The Cooperative State Research, Education and Extension Service (CSREES) is the USDA agency that participates in the Interagency Metabolic Engineering Working Group. In the CSREES Strategic Plan, five goals are listed:

These goals reflect the goals of the overall USDA strategic plan (enhancing economic opportunities for agricultural producers, supporting increased economic opportunities and improved quality of life in rural America, enhancing protection and safety of the nation’s agriculture and food supply, improving the nation’s nutrition and health, and protecting and enhancing the nation’s natural resource base and environment).

Metabolic Engineering (ME) can enhance competitiveness of the US agricultural system through the production of commercially useful products such as chemicals, biofuels, and biomolecules from agricultural commodities. Through modification of plants, animals, and microorganisms, ME can also result in new uses for existing crops and animals, added value to traditional agricultural products, and improved quality of agriculturally derived foods and materials. It is also possible through ME to produce plants with enhanced nutritional value or to modify plants and microorganisms for remediation of polluted environments.

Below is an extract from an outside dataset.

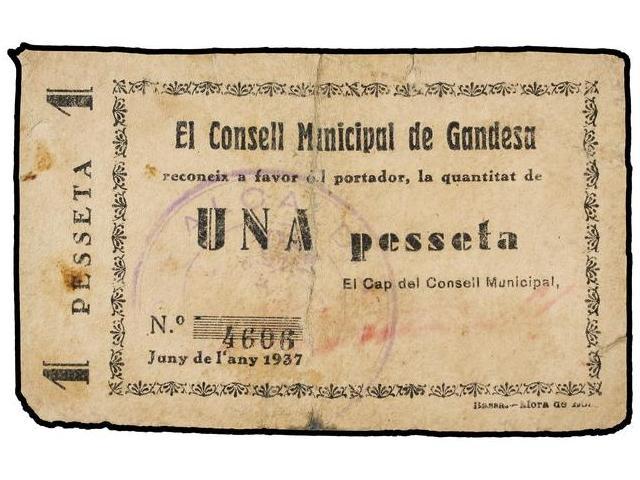 1 Pesseta. Juny 1937. C.M. de GANDESA. Cartón. (Reparaciones). AT-1081; T-1252. BC+.

The participation in MEWG has allowed CSREES to leverage funding for support of several research projects that address one or more of CSREES’ and USDA’s goals. Funding is supporting research on metabolic engineering of biofuels that may lead to maximized ethanol production as well as reduced costs. Another funded project involves production of flavor compounds in microbes that may eventually lead to improvements of metabolic function for processing of agricultural biomass and manufacture of bio-based industrial products. Funded metabolic engineering research projects in plants have the potential to produce fruits and vegetables with increased nutritional value and extended shelf-lives, to increase natural product-based disease and pest resistance, to enhance oil production in oilseeds, and to modify plants for production of pharmaceuticals and other economically important compounds. Thus, metabolic engineering, through both basic and applied research, is of vital importance for achieving the strategic goals of CSREES and USDA.

The MEWG supports the DOC mission by advancing research and development of new commercial and industrial processes.  As an emerging technology whose scientific basis is developing rapidly, ME is important to DOC’S NIST and especially its Biotechnology Division.  NIST is especially interested in ME projects that support the development of biological and metabolic models, measurement methods and standards.

The Department of Defense (DoD) currently supports a broad range of research in the area of metabolic engineering through the Army Research Office (ARO) and other Army research activities, the Air Force Office of Scientific Research (AFOSR), the Office of Naval Research (ONR), and the Defense Advanced Research Projects Agency (DARPA). The specific focus of the ARO, AFOSR, ONR, and DARPA efforts will be summarized and future directions in metabolic engineering research and technology development will be addressed.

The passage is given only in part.